They have even kept the kids from their grandfather because of me and this is not the first time. At one point I thought it better to just break up than to have him not see his grand children. With guideance from our pastor we will remain together because we have a strong luv, bond and respect for each other.

Just blows me away how adult children can be so shallow to keep their childern from the ones who luv them. Thats so selfish and insensitve. What do they tell the children why they can't see their grand father or me???? It truly hurts the grandchildren because regretably the grandchildren will grow up thinking that this is the way it is suppose to be, AND it's not even their fault.... so sad. My heart continues to ache for the man I love.


----------



## Parrothead

Colette Nolan said:


> Just blows me away how adult children can be so shallow to keep their childern from the ones who luv them. Thats so selfish and insensitve. What do they tell the children why they can't see their grand father or me???? It truly hurts the grandchildren because regretably the grandchildren will grow up thinking that this is the way it is suppose to be, AND it's not even their fault.... so sad. My heart continues to ache for the man I love.


Yup...as bad as they are as the fiance's offspring imagine what they will be like as steps. 

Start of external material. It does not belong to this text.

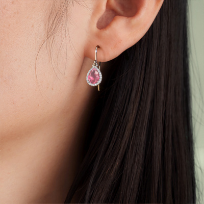 If you are looking for traditional and personal drop earrings, then these will fit you perfectly. You have the option to add your birthstones to these drop earrings. Each month has its own birthstone. You may use your own birthstone gemstone or that of your children. A priceless gift, even if it is for yourself. Our expert jeweller will set the selected stones in your drop earrings with utter precision, so light reflects evenly from every angle. Here, 7x5 mm pear tourmaline pink gemstones were used to adorn these white gold elegant Seline per drop earrings. The Seline per earrings are unique pieces of jewellery because they can be customized to your liking.. As soon as you finished designing your traditional drop earrings with our online tool, our goldsmiths will start their creative process of making your drop earrings. This will be done with passion and care, according ancient crafting. On top of that, our jewels are made of eco-friendly materials. If you want specific changes made to your Seline per drop earrings, that are unavailable in our online tool, please feel free to contact our expert designers. Are you on a budget? Please feel free to contact us, so we can go discuss your options. We offer our drop earrings at guaranteed best price, because we make them to order. You won't find such a price anywhere else!To make it easier for you, we offer a 30 day return policy. Check our terms and conditions.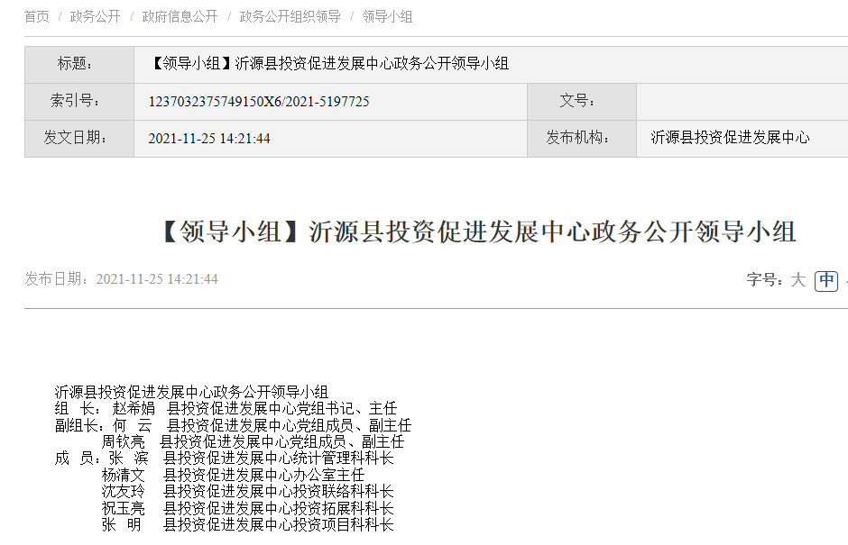 沂源县投资促进发展中心信息公开工作主管部门为:办公室

Do you really want to live like this?


----------



## SHYONcE

dont let them disrupt your life together! my dad just got remarried several weeks ago. my younger sister (31) was being a drama queen about it, but her reasons were due to own life situation. She moans that my older sister has an awesome husband, and i have a pretty and nice wife (we have problem tho), but her marriage is bad so its not fair, blah blah. Dont let their attitude ruin your life. They are wrong not you imo.


----------